I'm starving! I'm also too tired to cook! I'm certainly not complaining!
So while I wait for my brother to visit with take aways, here's my story on a day that filled my diary for the next few months, boosted my self esteem and will go down in the books as a day where I can say, 'you did it kiddo!'
It didn't start off like that. It started off at 3:45am with my wide awake and trying to have a rational conversation with my mind. It was stressed out and nervous for day to break, but that other part of me (the conscious part) was going through a long list of things to be grateful for. Amazingly, there has been a big shift in events over the past few days and I have so much less to be concerned about. Yes, I'm talking mainly finance, because we know how that can keep a person awake at night. But the pitches are flowing, the events are generating money and our financial support has told us to calm down and just continue to make things happen. So I've decided that I simply wake up in the middle of the night on autopilot that calls for distressing?thoughts (something to work on in the hours ahead of me).
My day always begins with kitty cuddles (after man cuddles that is), coffee made by the best fiance I could ask for and then a stroll through my diary.
Wow, it's full!!!
Amazingly, all I am is excited.
Okay, that's half a lie ... because I can't lie that I'm a little nervous too.
I'm not kidding that the diary is full and the events just keep finding a new date to fill up. That's not with one client that we've secured yet and I know life has the amazing sense of humour to throw a major one in when the mayhem hits. Today I shared this with a friend and inspiration of mine, Melanie Minnaar who is the founder of the Twitter Blanket Drive. She reminded me that on my 500th day of blogging, I didn't have the exposure, following, or any plans to this extend ... but I'm still SO NOT complaining.
I can't believe I'm at the point where I need a to-do list for every event ... and then the general one. Between our first #FollowSA event in Durban, a #FollowSA event to collect blankets for #TBDZA (and committees hosting events in Cape Town & Durban), Melanie asking me to be an official host for the main collection day (or did I volunteer??) ?AND a charity singathon for Nkosi's Haven ... this all before the 3rd of June ... let's say I'm getting what I asked for.

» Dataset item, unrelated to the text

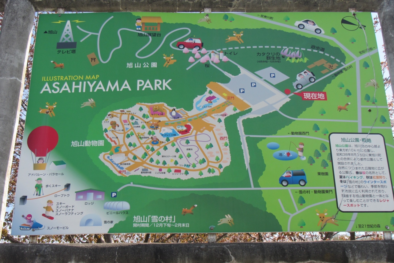動物園のついでに旭山公園を楽しもうとすると、動物園正門前の駐車場横から旭山山頂へと登っていくことが多いようですが、カタクリ群生地などはそこまで訪れる手前の、坂を登り始める前の旭山寺手前辺りの道路脇から入っていくとあって、なかなか場所が気づきにくいと思います。動物園正門駐車場に入る前の旭山公園の案内看板に公園の全体図が示され、カタクリ群生地の場所が載っていました。- 旅行時期

I can feel the smile growing, my esteem lifting and my heart lightening with every word I type, because I did ask for this and we always get what we ask for ... even if we wish we didn't!!
Before, I would have been in a state and doubting that I could cope at all, but then I look beside me and I'm surrounded by countless people who believe in me and will stand by my side to make sure anything I dream of comes true.
Of all the events, clients or followers I manifest, nothing will compare to my realisation that staying within my integrity, living my truth, empathising with those who don't get me and thanking those who do, has laid the foundation to all I am today.
Um ... I think I need a bigger diary though ... because this is just the beginning!!